Ever gone through something in your life and then never figured out why it happened and then came to a halt and started thinking about why and when and how it happened?
I’m sure that most, if not all of us have.
When I walked away, I was so certain that I would never look back. But then again, aren’t we so certain all the time? More so when anger is at the vergeof jumping off that cliff and there’s no place to vent. So, yes, I walked away. Not many people know because none of us ever made a big deal out of it. After all, it was a private conflict in which no one is entitled to share and be a part of.
Sometimes I wonder if we were ever normal. Like the things we did on a weekly basis together or the things we talked about. Were they ever real? Or was it just one of those superficial friendships which looked all glossy and shiny on the surface when in fact, there was a storm brewing.
Truth to be told, I don’t really know.
I’m sure when it started and I know how and why. Betrayal. Lack of communication. And not to mention complacency on both parts just turned us into the persons we now are.
This; it’s really complicated.
Sometimes I can’t believe I called you my sister; my friend. Sometimes, I think it was because you became a person I would normally hate (but tolerated nonetheless) and I on the other hand, became a less tolerant person just because. We just became 2 people who were so similar yet so different.
Now, in retrospect, I can’t really believe those words that went unsaid. The hatred running through my veins. It’s not that I like feeling it. It just happens and I don’t know why.
So unsure I was that someone pointed out that there was a very thin line between love and hate. As we all know it.

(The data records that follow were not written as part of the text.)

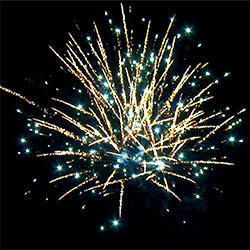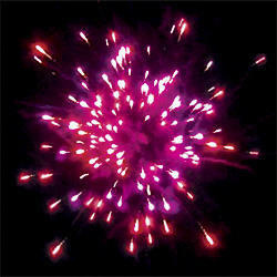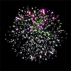 Разноцветные кометы разрываются сферами из серебряных форсов с цветными, мерцающими огнями на концах и множества трещащих сфер.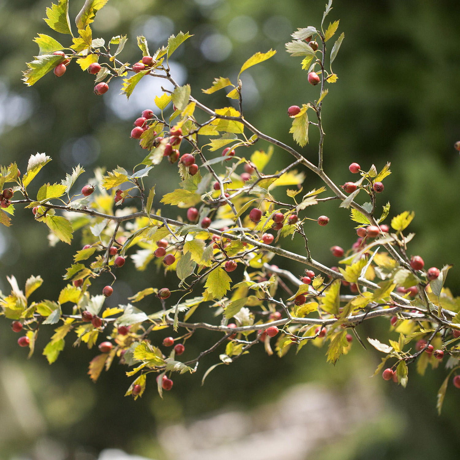 Der Weißdorn ist ein wichtiges Gehölz für Tiere und wird daher gerne in Landschaften genutzt. Diese undurchsichtige Hecke wird auch gerne in den heimischen Gärten genutzt und erreicht eine Höhe von ca. 2- 5 Metern. Der Weißdorn trägt gelappte, dunkelgrüne Blätter und von Mai bis Juni weiße Blüten. Im September zeigen sich kleine dunkelrote Früchte.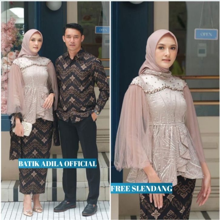 Kebaya Couple Modern Baju Wisuda Tunangan Lamaran Baju Batik Brokat Couple Vanila Dres Kodangan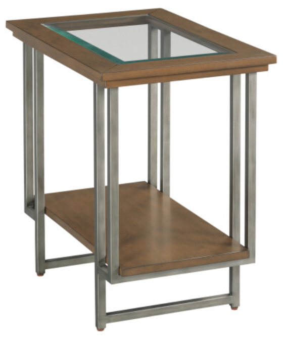 Put your style on display with the Ingrid collection from Hammary. Alder veneer tops in a Bronze finish with inset beveled tempered glass, and metal legs in a Dusty Silver finish that cantilever to the front and back sides of the tables to create a contemporary floating silhouette.Read More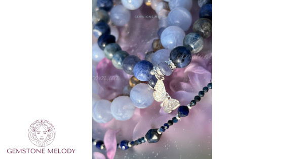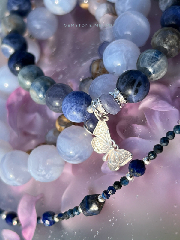Набір з чотирьох браслетів, сині натуральні камені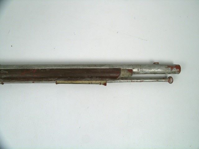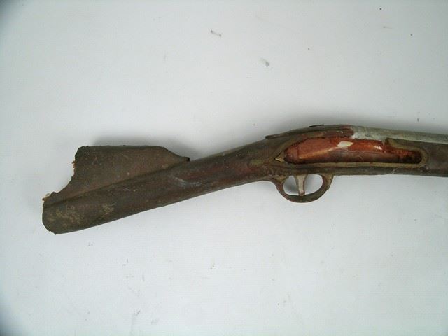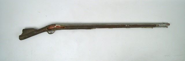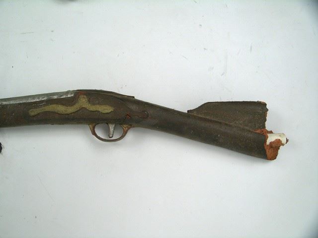 "Pirates of the Carribean: At World's End" heavily distressed foam rife prop with rigid core. Approx. 58" long, and 5" tall at base. Half of foam stock is missing. Empty trigger assembly area.
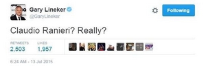 ➔ Ο Γκάρι Λίνεκερ αποφάσισε να “χοντρύνει” το παιχνίδι βλέποντας την εκπληκτικη πορεία της Λέστερ και υποσχέθηκε πως σε περίπτωση που η ομάδα του Ρανιέρι έπαιρνε τον τίτλο θα έβγαινε στην τηλεοπτική του εκπομπή (Match of the Day), την πρώτη της νέας σεζόν, φορώντας μόνο το εσώρουχό του . Αναμένουν όλοι την αποκαλύπτική εμφάνισή του…
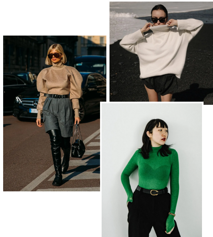 而很多女生对于高领的排斥更多还来自于“高领显脸胖”的误区。对于这事儿,咱们早在3年前的老文中就给大家澄清过了,其实穿对方法,高领才显瘦呢!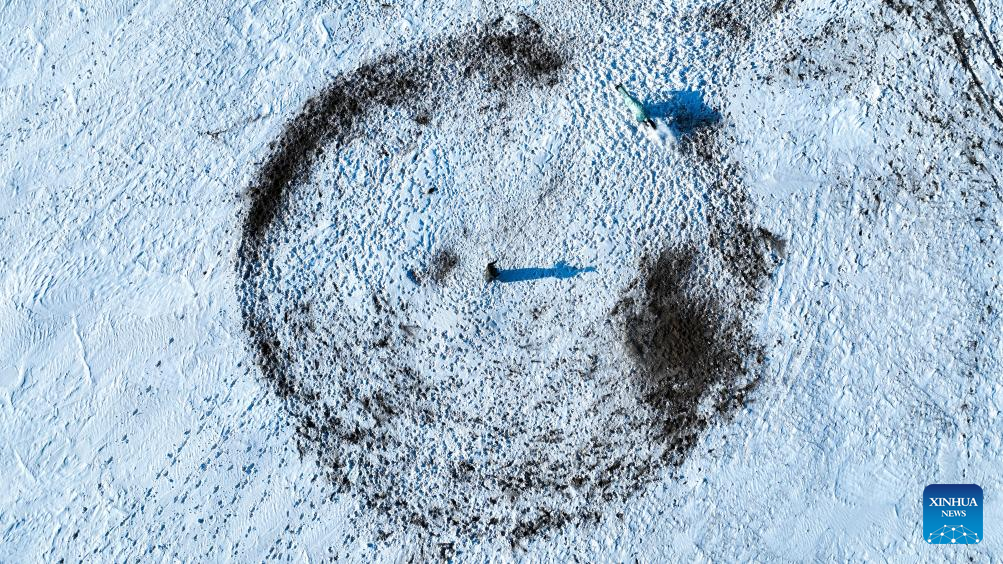 This aerial photo shows Erdendalai driving to follow Nairag and Ijil as they train horses in Hulun Buir, north China's Inner Mongolia Autonomous Region, Dec. 16, 2023. (Xinhua/Bei He)

The weirdest thing is; I don’t hate people. Never been a hater. Maybe I whine. Maybe I kutuk a bit or a lot but no one can help it and what I normally feel about something is normally far from hatred. Far from it.
I know I shouldn’t look back in anger. In fact, I’m not angry… but only when I’m not looking at all.
The only problem is, when I start looking, the anger seeps through me like a poisonous venom with no antidote.